I’m doing some optimization into an application that uses Riak Core, GenStage, and Phoenix PubSub. I’ve set up a load test that takes the application near the pod restart limit (using Kubernetes) and notice a large quantity of busy_dist_port
.
After some search, I found the +zdbbl
flag in Erlang page with the default value of 1024
. Notice that on Riak KV performance page, their default for Distribution Buffer is 32MB, so I’ve updated mine to 32 MB, and 99.9% of the monitor messages related to the busy_dist_port
are gone.
The monitor logs that remains are the following:
[info] monitor busy_dist_port <0.7799.0> [{initial_call,{'Elixir.GenStage',init,1}},{almost_current_function,{ets,match,2}},{message_queue_len,0}] {#Port<0.364>,unknown}
Where the almost_current_function
can have different values:
- {almost_current_function,{ets,match,2}}
- {almost_current_function,{erts_internal,dsend_continue_trap,1}}
- {almost_current_function,{ets,lookup_element,3}}
- {almost_current_function,{erlang,bif_return_trap,2}}
- {almost_current_function,{pg2,'-group_members/1-lc$^0/1-0-',1}}
Which I think is related to too much load, and probably nothing I can do.
The other one is for
[info] monitor large_heap <0.4933.0> [{name,'Elixir.pubsub_name.Adapter'},{initial_call,{'Elixir.Phoenix.PubSub.PG2',init,1}},{almost_current_function,{erlang,bif_return_trap,2}},{message_queue_len,771}]

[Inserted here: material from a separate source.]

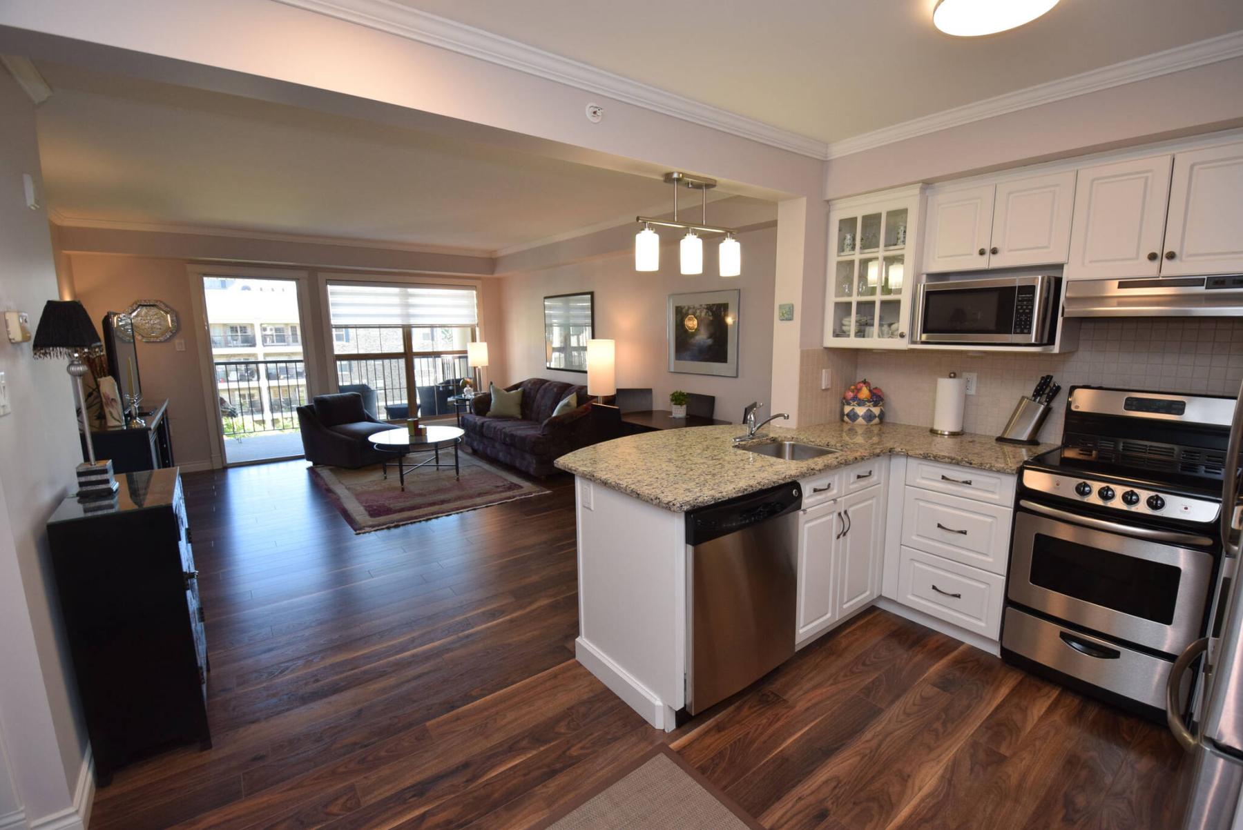 “It comes with granite countertops, a tile backsplash, lots of white cabinets and stainless-steel appliances,” she says. “It’s large enough to be functional but not so large that it takes up too much space. There’s room to put in a table and chairs next to it, a feature you don’t often see in one-bedroom suites this size.”

With also similar different values in almost_current_function
.
- {gen_server,handle_msg,6}
- {'Elixir.Phoenix.PubSub',local_broadcast,4}
- {erlang,bif_return_trap,2}
- {ets,lookup_element,3}
Is there some recommendation in optimization that can be done that I’m missing? These should be the standard monitor messages when the server in under extreme load, right?
EDIT: The pool_size
used for PubSub in this project was set to 10
for a 2.5 core machine (2500m) when the documentation of PubSub recommends 1 partition per 4 cores. Change to a proper number (1) the large_heap
monitor logs produced disappeared.